Eppure suscitò non pochi clamori “Dagli amici mi guardi Iddio”, biografia romanzata di Salvatore Giuliano scritta dall’allora 34enne Gavin Maxwell, un aristocratico giornalista scozzese appassionato di ambiente e con un passato da agente segreto, poi diventato celebre come letterato naturalista per la sua trilogia di “Ring of Bright Water” che ha venduto milioni di copie e conta ancora entusiastici cultori.
Nonostante qualche reticenza e imprecisione, quel libro uscito nell’aprile del 1957 per i tipi Feltrinelli (con la traduzione dello scrittore engagé Luciano Bianciardi) contribuì a far leggere l’affaire Giuliano innanzi tutto come un mistero italiano e non solo siciliano, i cui drammatici risvolti resero urgente la denuncia della collusione tra banditismo, mafia, partiti al potere e istituzioni governative.
Per la sua indagine, Maxwell visitò scrupolosamente il territorio delle imprese di Turiddu & co., interrogando testimoni preziosi ed esaminando numerosi documenti: lo fece utilizzando cautele da ex 007 una volta al servizio di Churchill e una innata arguzia da etnologo.
Nel ripercorrere la parabola del Re di Montelepre, dall’uccisione del carabiniere a San Giuseppe Jato fino all’ingannevole ritrovamento del cadavere nel cortile Di Maria a Castelvetrano, “Dagli amici mi guardi Iddio” ne descrive il contesto politico e culturale, ridicolizzando omertà private e pubbliche, evocando trattative segrete che annodarono rappresentanti dello stato a banditi e mafiosi, e sottolineando le menzogne ufficiali che occultarono le responsabilità politiche per tragici eventi nodali come la strage di Portella Della Ginestra.
Intervistato sulle colonne de “L’Ora” qualche mese dopo l’exploit editoriale, in occasione di un ricevimento palermitano per i 27 anni della regina Elisabetta, Maxwell ammise al giornalista Mino Bonsangue di essere finito su una lista nera relativa ad altolocati “ambienti facilmente individuabili e immaginabili” per via del suo polemico libro siciliano.

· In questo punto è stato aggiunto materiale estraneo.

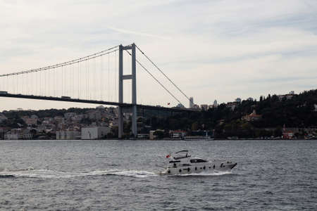 View of a yacht passing on Bosphorus and FSM bridge in Istanbul. It is a sunny summer day. Beautiful travel scene.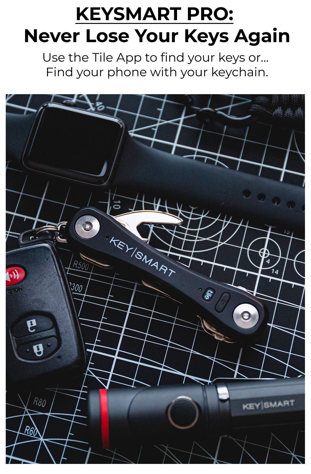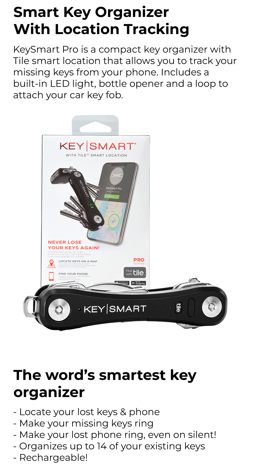 KeySmart Pro is a smart key organizer holding up to 14 keys and giving you peace of mind knowing your keys are never lost. Use the free Tile™ app and 150ft Bluetooth range to find your KeySmart Pro if you ever lose it, or to ring your lost phone even if it's on silent. The KeySmart Pro holds a charge for up to 45 days and you can recharge it with the included micro USB cable. It also has a super bright, built-in LED flashlight.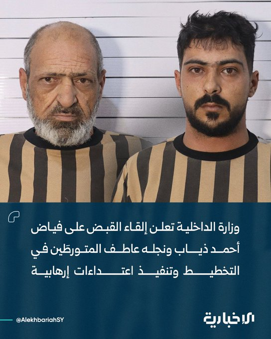 📌 أفراد الخلية الإرهابية اللذين أُلقي القبض عليهما خلال العملية الأمنية التي نفذتها وحدات وزارة الداخلية بالتعاون مع جهاز الاستخبارات العامة هما فياض أحمد ذياب ونجله عاطف

Poi si rifiutò cortesemente di rispondere a domande sul testamento di Gaspare Pisciotta e dichiarò di essere ritornato nell’isola non per occuparsi dei suoi mali persistenti, quelli della mafia e della povertà (così sostenne), ma della rinomata pesca del tonno in vista della pubblicazione di un più pacificante reportage.
Fatto sta che quella su Giuliano, prima della prematura scomparsa a 55 anni per cancro, fu la sua ultima inchiesta.